Quel que soit le gouvernement, dans chacun des pays qui viennent d'organiser des élections, le même conditionnement politique conduit aux mêmes choix à quelques nuances près : il faut réduire et rembourser les dettes, cesser de vivre au-dessus de ses moyens et donc faire payer les citoyens en prélevant sur leurs revenus et leurs avantages sociaux. Nul n'explique la généalogie de ces dettes et nul ne cherche comment faire régresser l'écart abyssal entre les revenus. Bref la politique est soumise à l'économie et non l'inverse, ce que nous savons depuis des lustres.

La pression exercée par l'Union européenne sur la Grèce fait penser aux pressions exercées sur les États mal-votants qui avaient repoussé, par référendum, le traité de l'Union européenne (dont on voir bien, à présent, qu'il contenait l'obligation d'avoir à se soumettre à des principes libéraux dans lesquels les États membres s'engluent un par un).

Changer de logiciel signifie, en politique, deux choses : supprimer un formatage intellectuel qui interdit de penser l'avenir en dehors des normes toutes faites ; ralentir le rythmes de décisions qu'on s'usera à remettre en cause et qui ne fournissent que des réponses immédiates à des problématiques complexes.

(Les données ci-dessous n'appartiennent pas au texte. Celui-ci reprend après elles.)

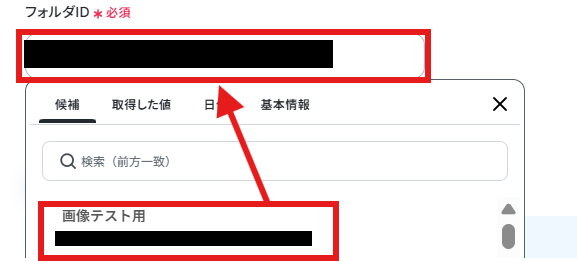 ファイルをアップロードしたフォルダを「フォルダID」を候補から選択してください。

La démocratie, décidément, s'autodétruit quand elle n'est plus qu'une machine à élire. Les exemples actuels sont multiples : de l'Algérie à la Russie, de la Syrie à l'Espagne, de la Grèce à ... la France ! Si la fin du sarkozisme est une chance, il ne faut pas un seul instant continuer de penser que tout dépend d'un Chef d'État. Si les peuples, avec sagesse et lenteur, ne réussissent pas à imposer leur loi qui n'est pas faite que des lois parlementaires, alors nous allons traverser une période tragique. Puissent les "indignés", ces vigiles témoins de la jeunesse du monde, peser sur les travaux politiques de ceux qui ont non pas à nous gouverner mais à gouverner avec nous.

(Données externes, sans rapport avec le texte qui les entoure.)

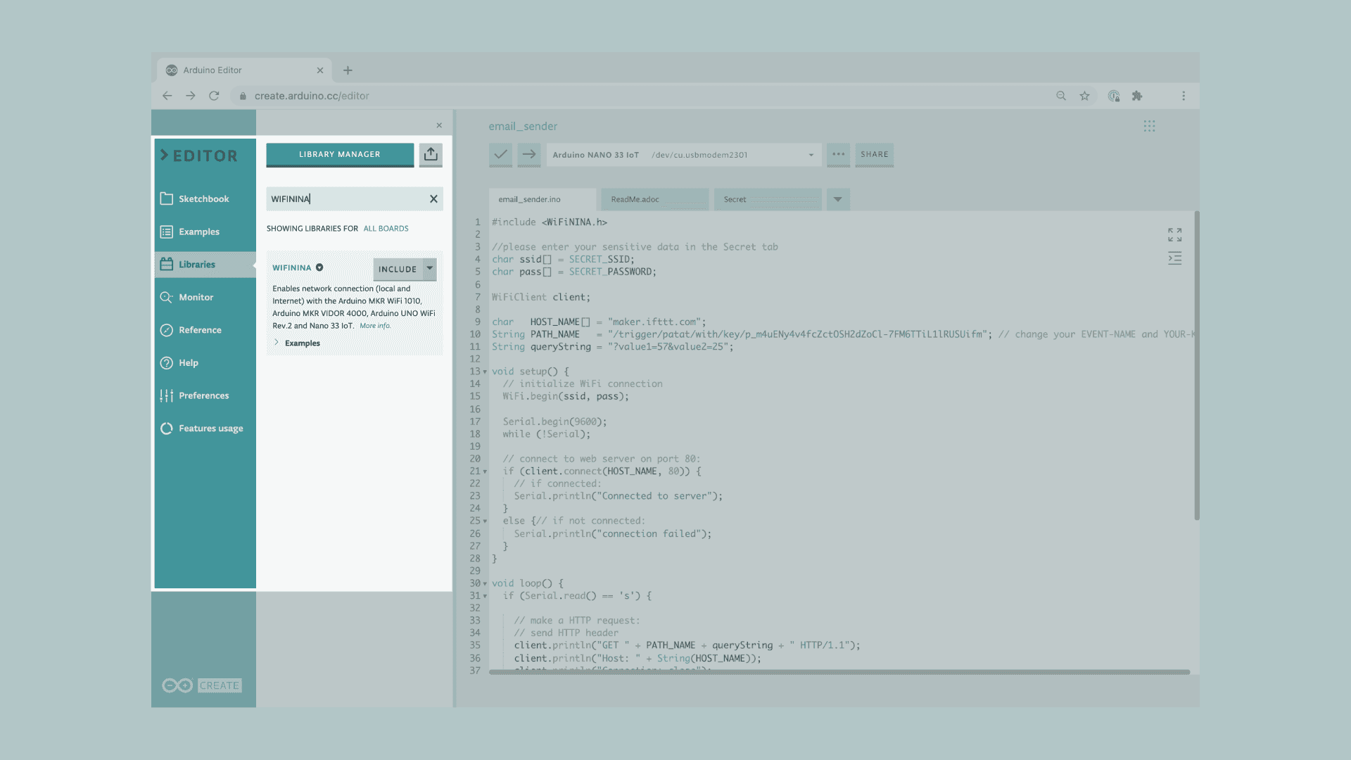 Let's start by opening the Arduino Web Editor, create a new sketch and name it email_sender. Then, navigate to the Libraries tab, search for the WIFININA library and click on the Include button.

Qui veut voyager loin ménage sa monture.

mardi 8 mai 2012

À quand la politique et la démocratie ?

Il est incorrect de ne pas se réjouir avec les vainqueurs, surtout quand on a apporté sa faible contribution à la victoire. Eh bien, tant pis.

Depuis le 6 mai, c'était il n'y a pas deux jours, j'observe, éberlué, la suite d'un spectacle médiatique qui n' a pas grand chose à voir avec la politique et qui me semble éloigné de la démocratie véritable.

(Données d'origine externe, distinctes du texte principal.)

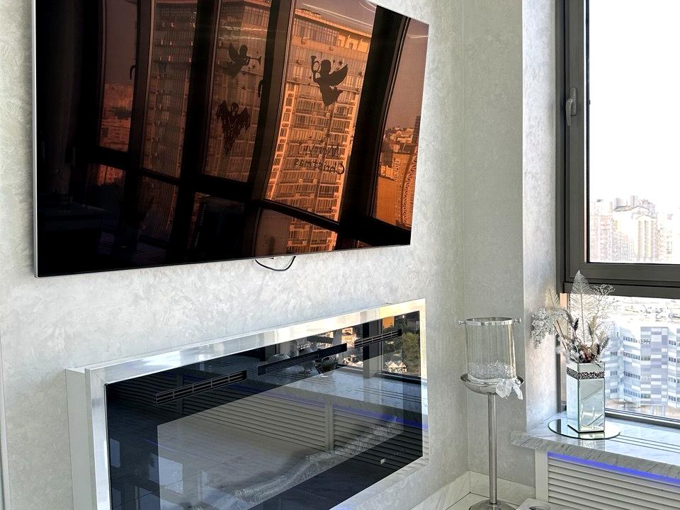 У кожній кімнаті встановлена техніка, включно з телевізорами. Італійські меблі та текстиль, виготовлені на замовлення, довершують образ гармонійного й респектабельного інтер’єру.

Je ne voudrais pas me montrer méprisant à l'égard de ceux dont on coulé les larmes de joie ou de dépit, mais je ne comprends pas trop cette insistance sur des sentiments respectables mais nullement décisifs. Les médias auront capté et étalé ces images parfois indécentes qui révélaient triomphalisme ou détresse...

Je constate aussi qu'en fait de changement, les mêmes commentateurs, les mêmes personnalités politiques se jettent sur les micros et se livrent à des analyses qui ne sont que des justifications a posteriori. En fait  de recherche de ce qui peut se produire de neuf dans le pays, je n'entends rien...

Tout bien réfléchi, et je ne fais que me répéter, la 5ème République ne peut satisfaire la demande politique et enferme les citoyens dans des processus électoraux qui figent ou détournent leur expression.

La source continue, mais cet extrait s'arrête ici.